- Born: February 12, 1896 Bucharest, Romania
- Died: May 1, 1982 (aged 86) Broward, Florida
- Occupation: Architect
- Spouse: Minnie Silberman ​(m. 1922)​
- Children: 2, including Norton

= Samuel Juster =

American architect

Samuel Juster, AIA (12 February 1896 – 2 May 1982) was an American architect who practiced during the mid-20th century in New York City and New Jersey.

== Career ==
=== Early life and education ===
Juster was born in Bucharest, Romania.

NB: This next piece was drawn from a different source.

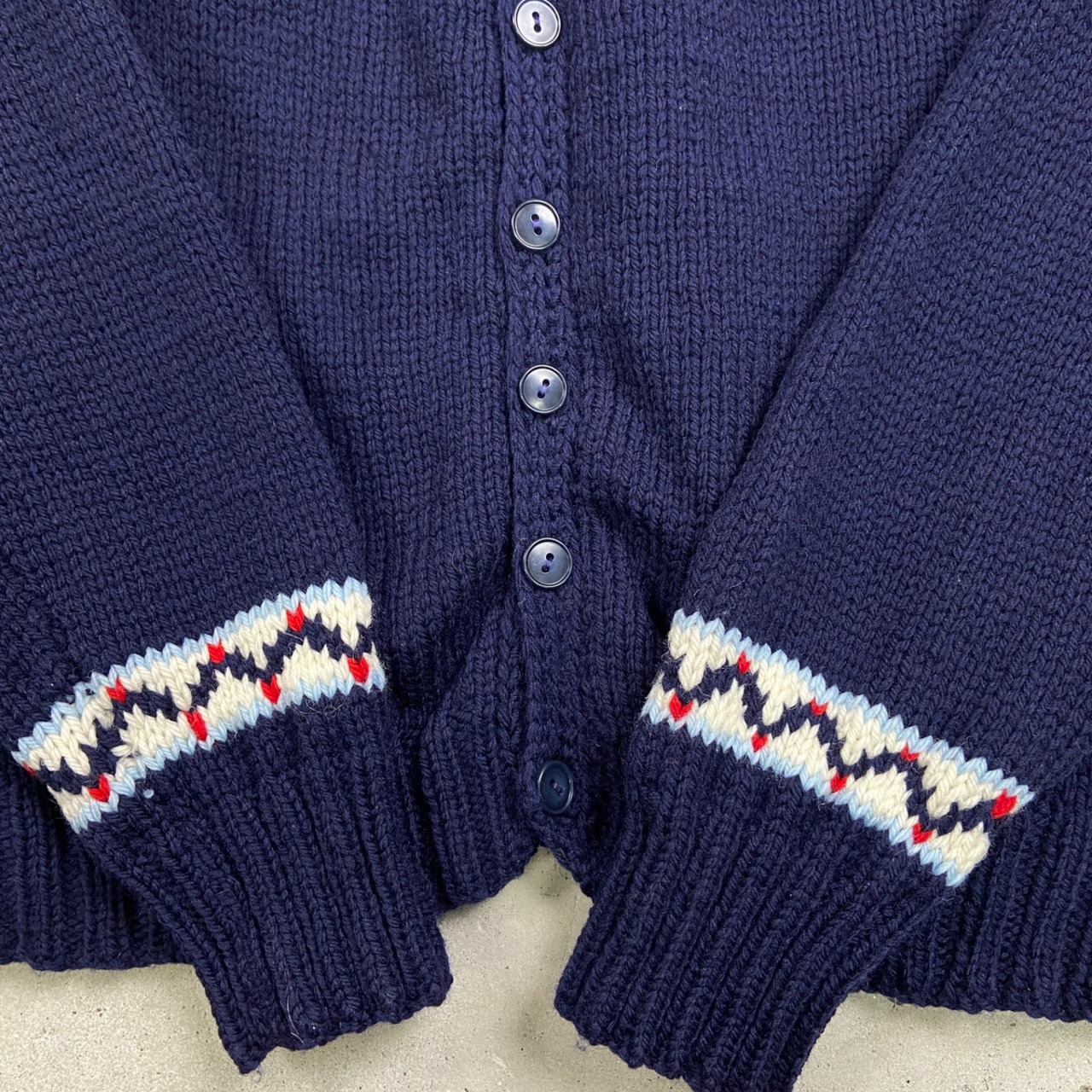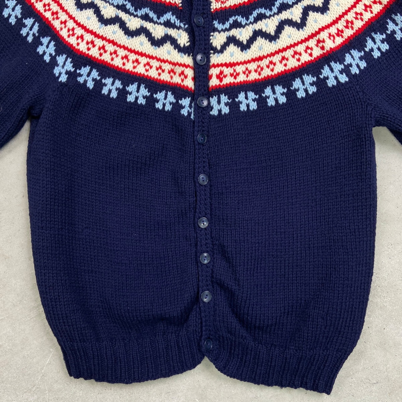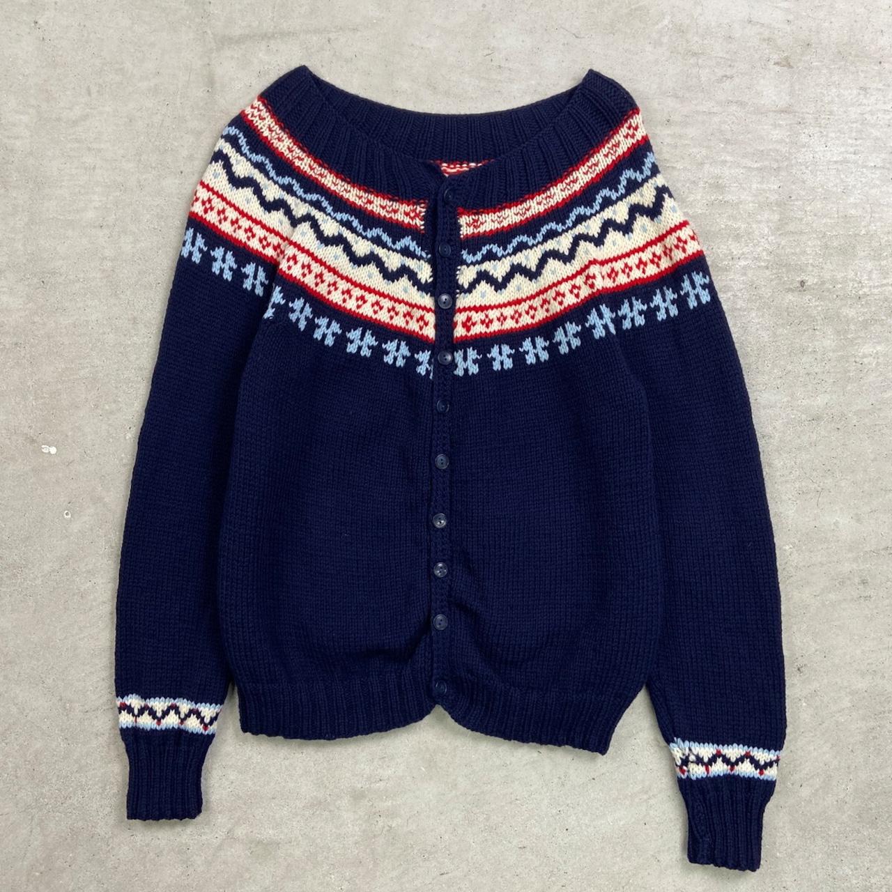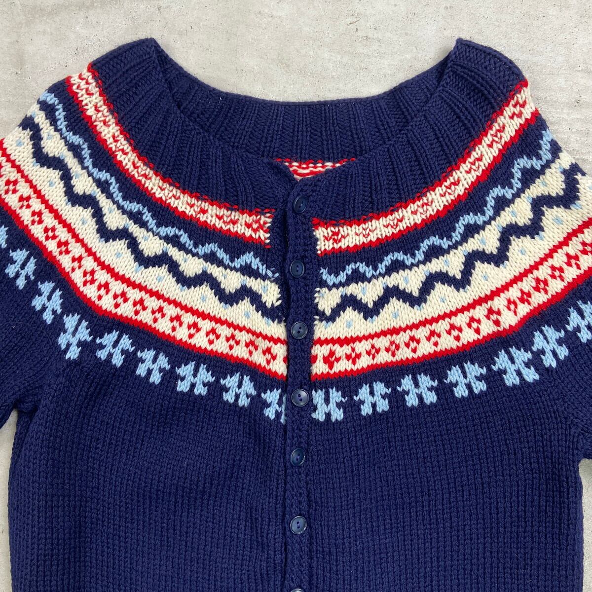 UNKNOWN フェアアイル柄 ニットカーディガン レディースS相当 古着 VINTAGE ヴィンテージ ネイビー レッド ホワイト【ニットセーター】/マルチカラー

He earned a diploma from Cooper Union in 1917. He studied Beaux Arts, Corbett-Gugler, Atelier (345 East 33rd Street, Manhattan), between 1915 and 1917, and earned a diploma from the International Correspondence School in 1918. In 1956, his office was located at 36G Broadway, New York City.

=== Early career ===
While earning his diplomas, Juster was Squad Leader, draftsmen and writer for Goldner & Goldberg from 1913 to 1917; he was a draftsman, writer, and supervisor at the firm of Alfred C. Bossom from 1918 to 1924 where he met Anthony J. DePace with whom, in 1923, he formed the partnership DePace & Juster, an architectural firm.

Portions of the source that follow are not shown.